Exercise objective — Please give the count of lines in the listing underneath that hold "with", leaving out everything else.

Task inputs —

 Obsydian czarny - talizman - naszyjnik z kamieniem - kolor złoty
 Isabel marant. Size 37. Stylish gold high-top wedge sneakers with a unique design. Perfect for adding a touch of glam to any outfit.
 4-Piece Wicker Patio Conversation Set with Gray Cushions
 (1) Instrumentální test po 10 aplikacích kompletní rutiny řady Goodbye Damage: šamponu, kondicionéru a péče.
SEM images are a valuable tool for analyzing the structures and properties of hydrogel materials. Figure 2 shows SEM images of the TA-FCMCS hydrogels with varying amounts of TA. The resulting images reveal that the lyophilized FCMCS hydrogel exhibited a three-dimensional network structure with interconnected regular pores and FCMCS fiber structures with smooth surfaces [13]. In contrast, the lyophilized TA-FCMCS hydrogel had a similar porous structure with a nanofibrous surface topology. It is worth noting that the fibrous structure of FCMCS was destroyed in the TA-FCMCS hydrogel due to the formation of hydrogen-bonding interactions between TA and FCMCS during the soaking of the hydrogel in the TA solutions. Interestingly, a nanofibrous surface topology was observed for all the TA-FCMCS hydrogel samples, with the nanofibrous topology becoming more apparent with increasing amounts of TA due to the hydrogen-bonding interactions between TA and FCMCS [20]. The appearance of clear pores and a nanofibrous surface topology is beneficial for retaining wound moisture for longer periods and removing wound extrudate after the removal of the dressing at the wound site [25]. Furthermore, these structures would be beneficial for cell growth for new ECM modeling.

==

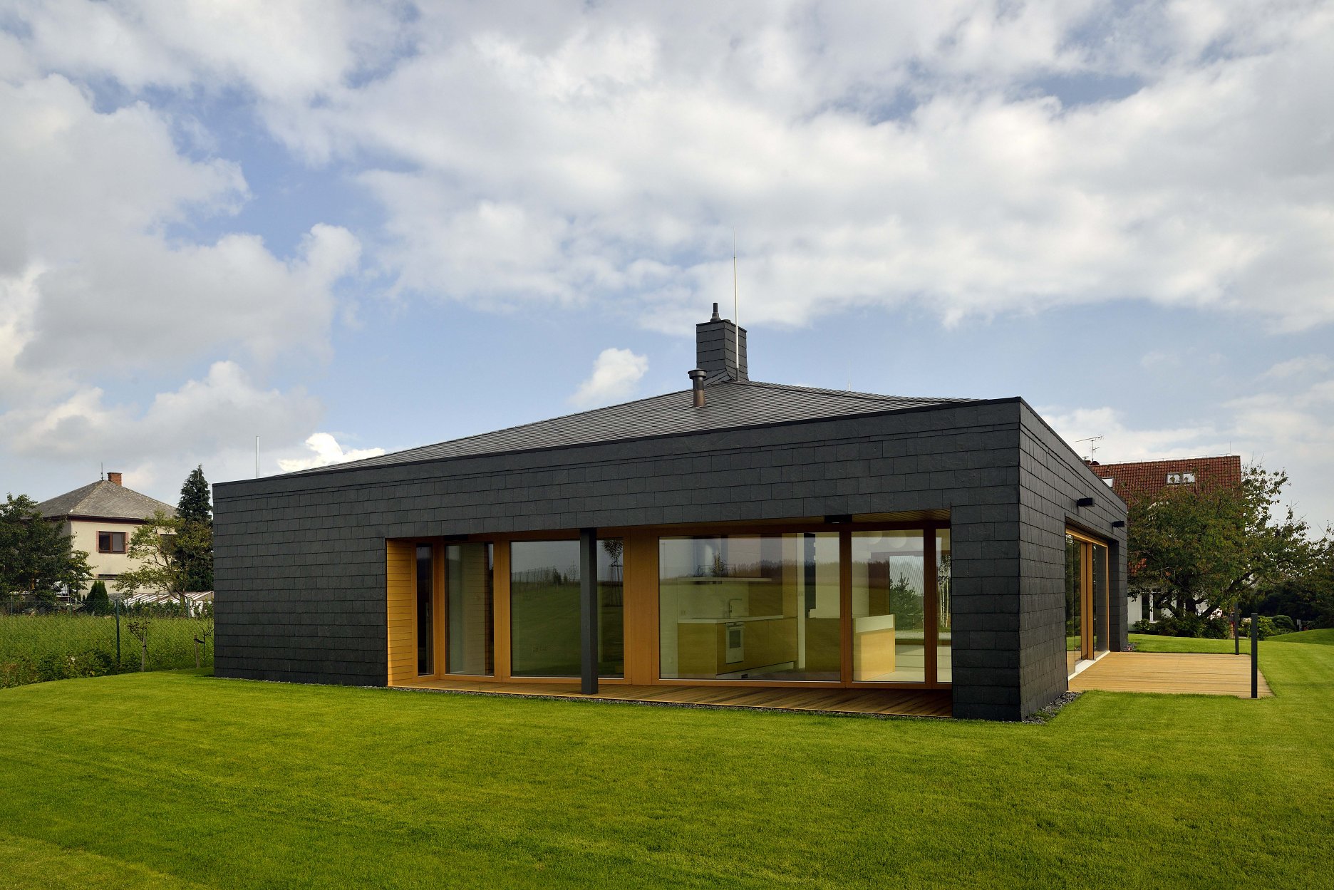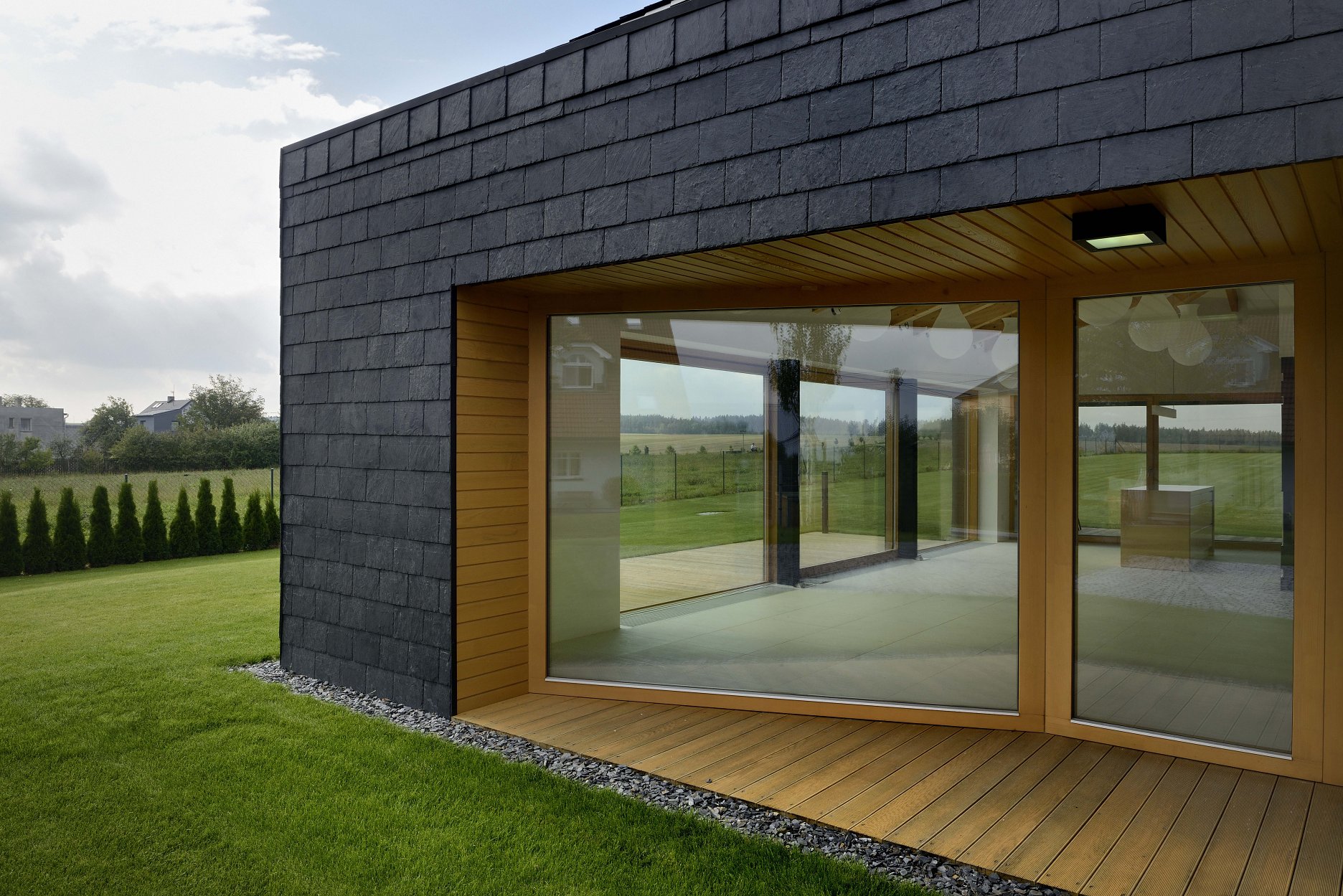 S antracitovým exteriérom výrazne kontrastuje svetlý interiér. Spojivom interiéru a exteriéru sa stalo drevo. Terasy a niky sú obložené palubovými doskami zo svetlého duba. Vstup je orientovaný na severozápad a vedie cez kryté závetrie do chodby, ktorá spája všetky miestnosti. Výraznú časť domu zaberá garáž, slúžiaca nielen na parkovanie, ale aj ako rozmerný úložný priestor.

Task answer — 3